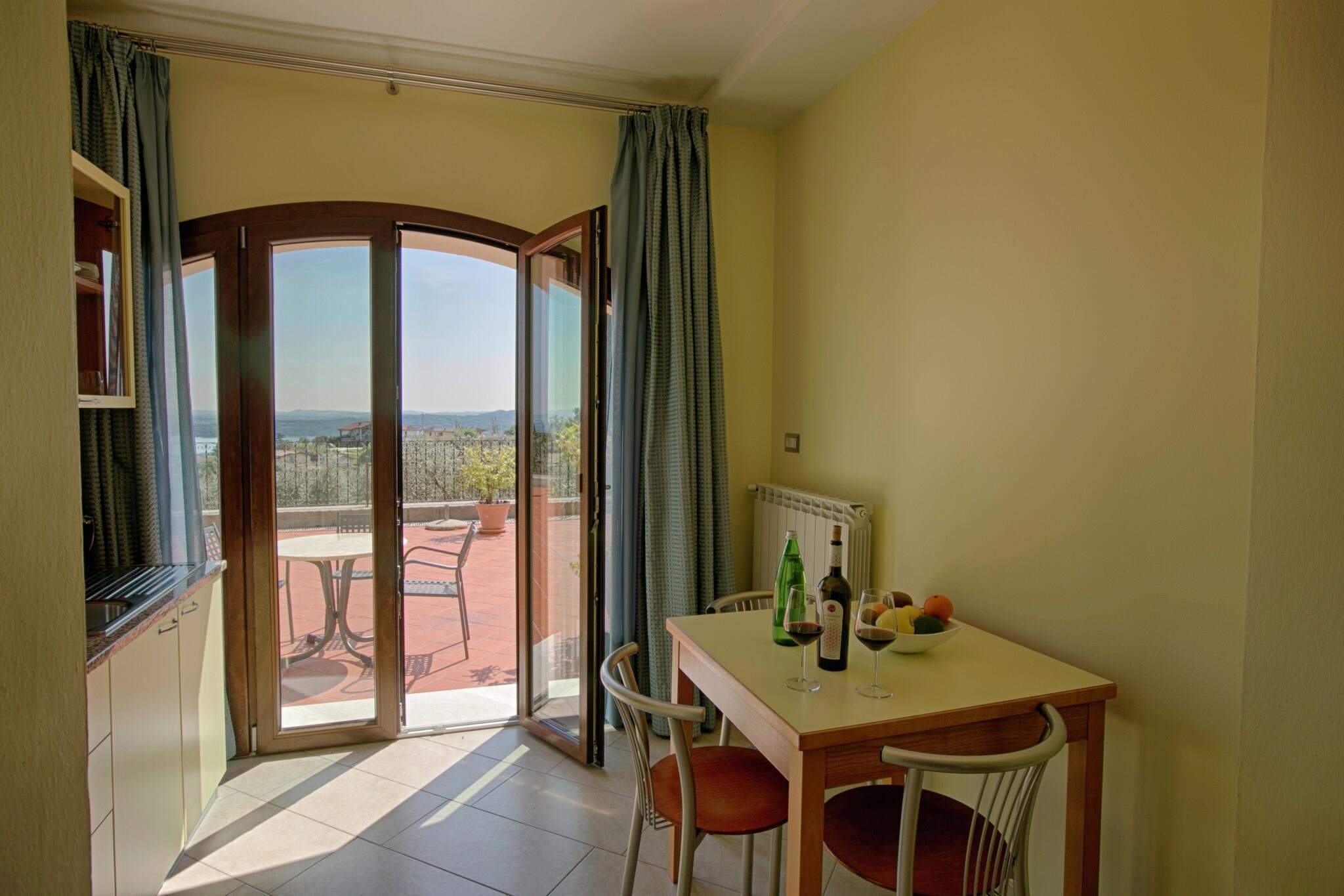 På toppen af en bakke er der et smukt hjem med 20 enkle, men pænt møblerede lejligheder og med en smuk panoramaudsigt over den smukke Gardasøen og det omkringliggende landskab. Det ligger kun 10 km fra motorvejen Milano-Venedig og 3 km fra søen. Det er en strategisk position for udflugter til Verona, Mantua, byerne omkring Gardasøen, forlystelsesparker som Gardaland og de botaniske haver og parker. Nedenfor er der restauranter og butikker, og der er mange sports muligheder, herunder ridning, golf (2 km), tennis, vandreture, mountain biking og alle vandsport. Der er en restaurant, der serverer lokale specialiteter og fisk fra Gardasøen ved boligen, en olivenlund, en have og en fælles swimmingpool. Ejeren organiserer ture i familiens oliefabrik og fri smagning af ekstra jomfru olivenolie DOP, vin, grappa og typiske produkter. Huset kan rumme op til to voksne og et barn under 12 år.
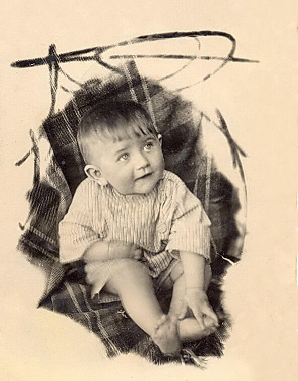 Мне восемь месяцев. Ходить естественно не умею, но сижу достаточно уверенно. Снимок сделан каким-то бродячим фотографом и выкуплен родителями.
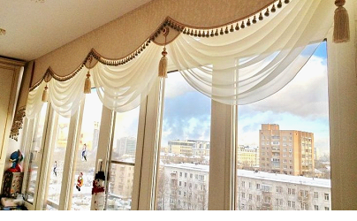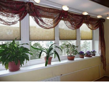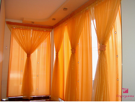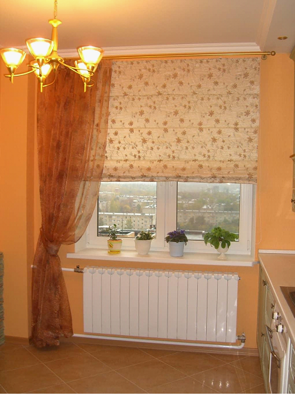 Снова на пике моды. Особенно удачным становится решение при комбинации плотных рулонных штор и ламбрекена из легких светопрозрачных тканей, например, органзы.
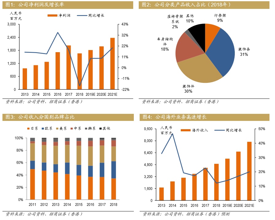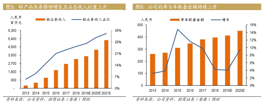 今年汽车产业链整体下行压力加大。截止2月底,公司除武汉工厂外均已全部复工,估计大部分工厂复工率在八成以上。武汉工厂约占公司收入10%,假设当地持续半年并考虑上下半年淡旺季差异,估计影响公司全年收入3-4%。海外业务占公司收入约44%,预计保持稳健增长。轻量化业务方面,除前述电池盒业务外,公司铝门框今年开始大规模配套日系燃油车,成为业绩重要驱动力。当前公司铝业务全球市占率约17%,预计2025年提升至33%。
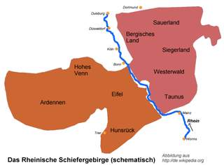 This list of mountains and hills of the Rhenish Massif (German: Rheinisches Schiefergebirge: "Rhenish Slate Mountains") is a selection of the mountains, hills and foothills of the ranges and landscapes that form the Rhenish Massif − sorted by natural regional main unit groups and heights in metres (m) above sea level (NHN).

_Task_: Produce an exact copy of the records above, leaving out the pictures.

_Solution_:
 På toppen af en bakke er der et smukt hjem med 20 enkle, men pænt møblerede lejligheder og med en smuk panoramaudsigt over den smukke Gardasøen og det omkringliggende landskab. Det ligger kun 10 km fra motorvejen Milano-Venedig og 3 km fra søen. Det er en strategisk position for udflugter til Verona, Mantua, byerne omkring Gardasøen, forlystelsesparker som Gardaland og de botaniske haver og parker. Nedenfor er der restauranter og butikker, og der er mange sports muligheder, herunder ridning, golf (2 km), tennis, vandreture, mountain biking og alle vandsport. Der er en restaurant, der serverer lokale specialiteter og fisk fra Gardasøen ved boligen, en olivenlund, en have og en fælles swimmingpool. Ejeren organiserer ture i familiens oliefabrik og fri smagning af ekstra jomfru olivenolie DOP, vin, grappa og typiske produkter. Huset kan rumme op til to voksne og et barn under 12 år.
 Мне восемь месяцев. Ходить естественно не умею, но сижу достаточно уверенно. Снимок сделан каким-то бродячим фотографом и выкуплен родителями.
 Снова на пике моды. Особенно удачным становится решение при комбинации плотных рулонных штор и ламбрекена из легких светопрозрачных тканей, например, органзы.
 今年汽车产业链整体下行压力加大。截止2月底,公司除武汉工厂外均已全部复工,估计大部分工厂复工率在八成以上。武汉工厂约占公司收入10%,假设当地持续半年并考虑上下半年淡旺季差异,估计影响公司全年收入3-4%。海外业务占公司收入约44%,预计保持稳健增长。轻量化业务方面,除前述电池盒业务外,公司铝门框今年开始大规模配套日系燃油车,成为业绩重要驱动力。当前公司铝业务全球市占率约17%,预计2025年提升至33%。
 This list of mountains and hills of the Rhenish Massif (German: Rheinisches Schiefergebirge: "Rhenish Slate Mountains") is a selection of the mountains, hills and foothills of the ranges and landscapes that form the Rhenish Massif − sorted by natural regional main unit groups and heights in metres (m) above sea level (NHN).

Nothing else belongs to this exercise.